Contra Counterculture, 1969 also found Bob Dylan making his country album “Nashville Skyline,” which contained the lovely duet with Johnny Cash, “Girl from the North Country.”
I agree with Dr Fleming on Frank Zappa. For all his technical skill and occasional wit, I never warmed up to any of his music.
Like Ray, I also endorse Richard Thompson. The album he made with ex-wife Linda, “Shoot Out the Lights,” is a keeper.

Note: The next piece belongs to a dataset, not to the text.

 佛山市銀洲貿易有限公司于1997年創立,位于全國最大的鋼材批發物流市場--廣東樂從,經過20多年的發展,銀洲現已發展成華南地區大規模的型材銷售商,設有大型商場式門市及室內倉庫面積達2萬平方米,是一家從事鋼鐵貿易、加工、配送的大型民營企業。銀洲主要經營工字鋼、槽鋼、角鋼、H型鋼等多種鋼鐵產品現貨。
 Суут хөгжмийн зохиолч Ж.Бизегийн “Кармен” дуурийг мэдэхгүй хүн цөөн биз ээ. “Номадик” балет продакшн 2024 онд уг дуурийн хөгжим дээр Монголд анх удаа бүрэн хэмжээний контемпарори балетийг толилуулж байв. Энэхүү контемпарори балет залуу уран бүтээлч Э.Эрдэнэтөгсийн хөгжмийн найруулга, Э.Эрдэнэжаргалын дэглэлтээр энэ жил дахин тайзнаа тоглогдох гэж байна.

Another of Zappa’s quips about Rolling Stone type journalism was something like “writing about music is like dancing about architecture.” He did write the most apt words about television I’ve ever heard in a pop song.
I am gross and perverted
I’m obsessed ‘n deranged
I have existed for years
But very little has changed
I’m the tool of the Government
And industry too
For I am destined to rule
And regulate you
I may be vile and pernicious
But you can’t look away
I make you think I’m delicious
With the stuff that I say
I’m the best you can get
Have you guessed me yet?
I’m the slime oozin’ out
From your TV set
You will obey me while I lead you
And eat the garbage that I feed you
Until the day that we don’t need you
Don’t go for help . . . no one will heed you
Your mind is totally controlled
It has been stuffed into my mold
And you will do as you are told
Until the rights to you are sold
A few years back I picked up Dakota Dave Hull’s “The Goose is Getting Fat” – I really enjoy it. And a “Thank You” to Mr. Olson for turning me onto Dakota Dave’s radio show several years ago – too bad it’s not around anymore.

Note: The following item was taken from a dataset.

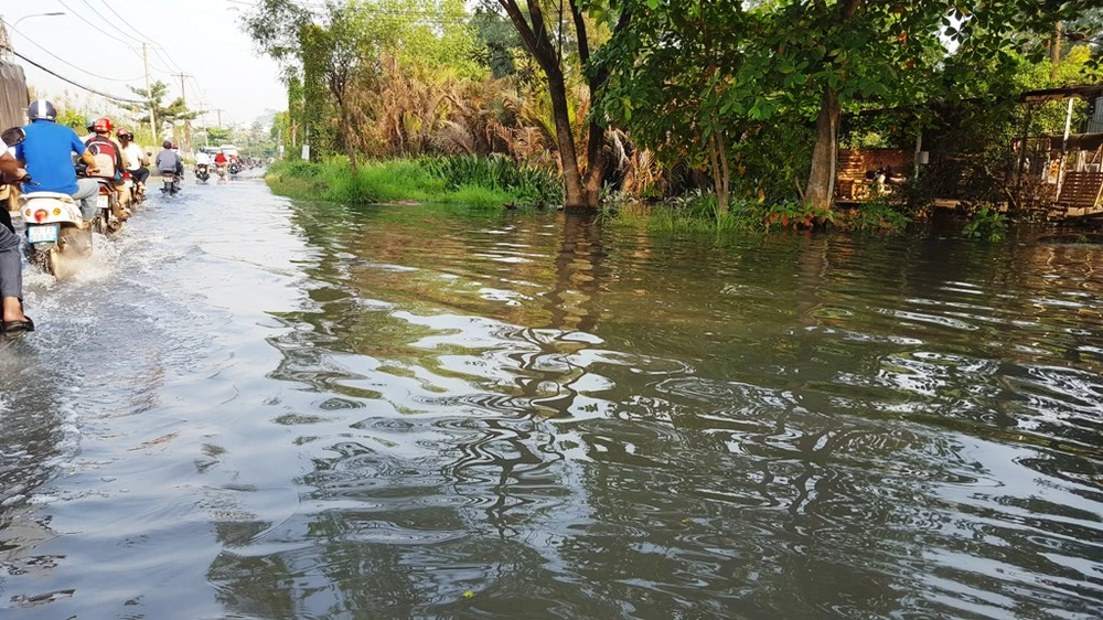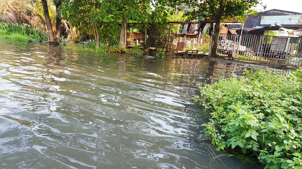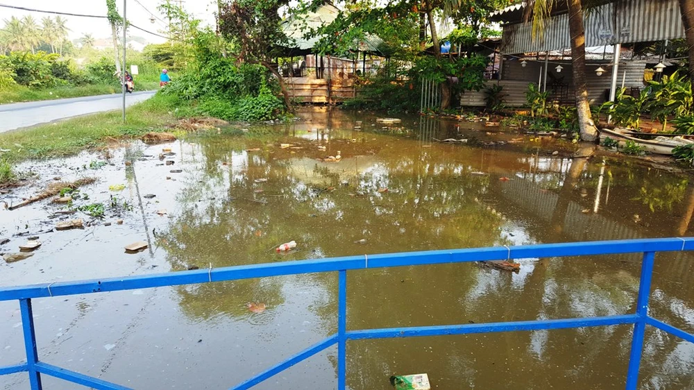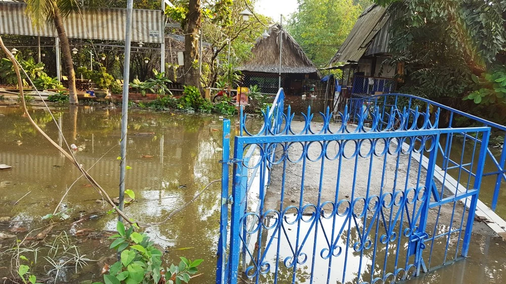Bên cạnh đó, nhiều nhà dân ở quanh khu vực này bỗng nhiên trở thành ao gây khó khăn trong sinh hoạt. Kế bên là các cửa hàng kinh doanh, các doanh nghiệp cũng phải ngưng hoạt động vì triều cường.
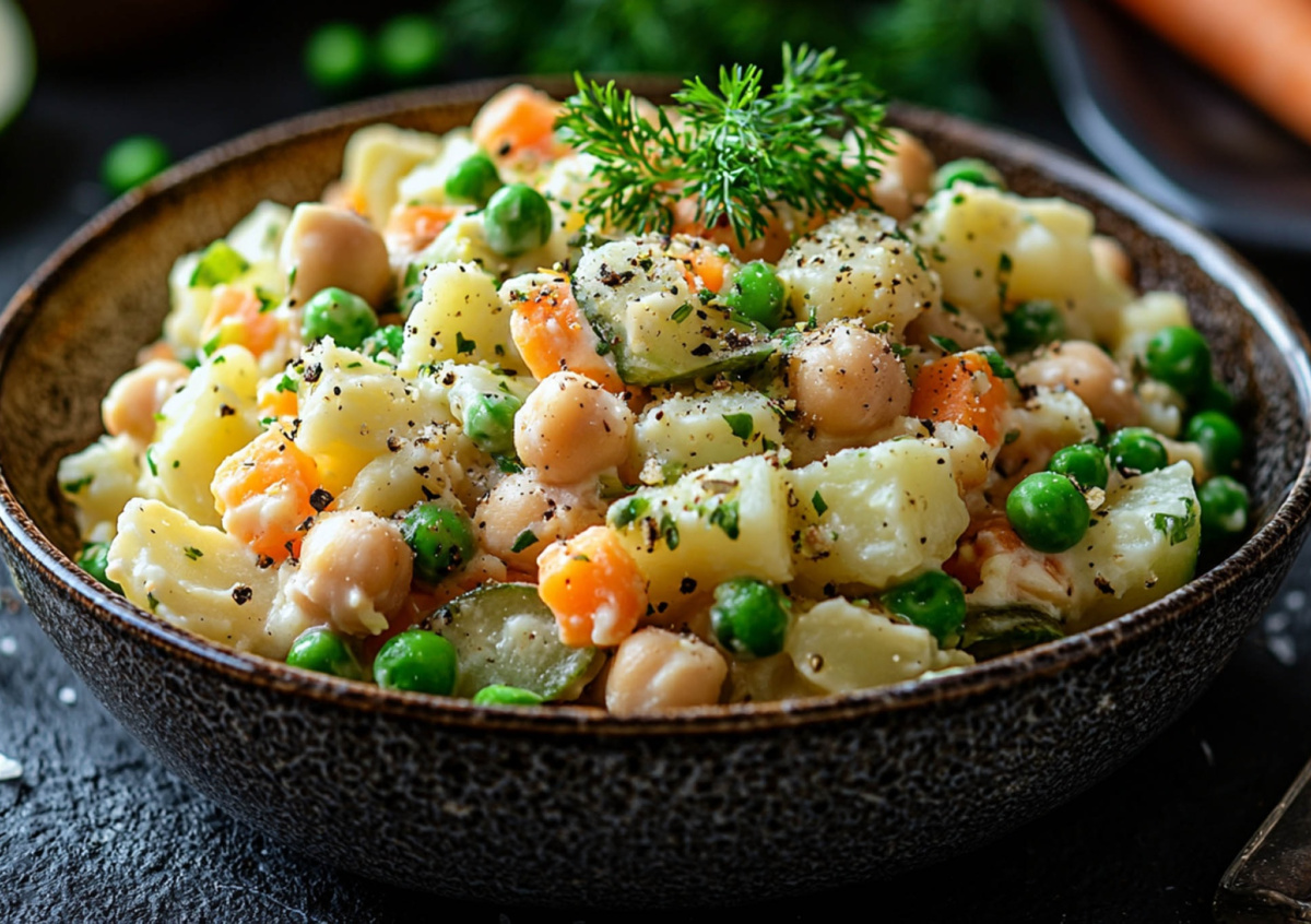 Этот вариант оливье сохраняет тот самый узнаваемый вкус салата из детства, но обходится без колбасы, яиц и тяжелого майонеза. Такой салат понравится и тем, кто придерживается растительного питания, и тем, кто просто ищет более легкую версию любимой закуски.

Ken–You’re right, and I also love Face to Face, Something Else, and Arthur–you?
The Thompson album to cherish for me is the three-disc set, Watching the Dark, whose contents span 1969-88 and include studio and concert recordings in about equal measures. The last track is a live concert performance of “Shoot Out the Lights”. Gives the best kind of chills.
Vince–I’ve not heard that one of Dave’s recordings. Something to live for–not that I haven’t a great plenty, already. The end of Dave’s program was the first domino in my online radio listening. The same year saw a marvelous Cajun-zydeco-New Orleans blues show on the same station, KFAI, close shop, then in 2018, “Writer’s Block”, my favorite jazz program, wrapped. Now all I have left is Bill Malone’s “Back to the Country” on Wednesdays, 9-to-noon, on WORT in Madison. My cup runneth over.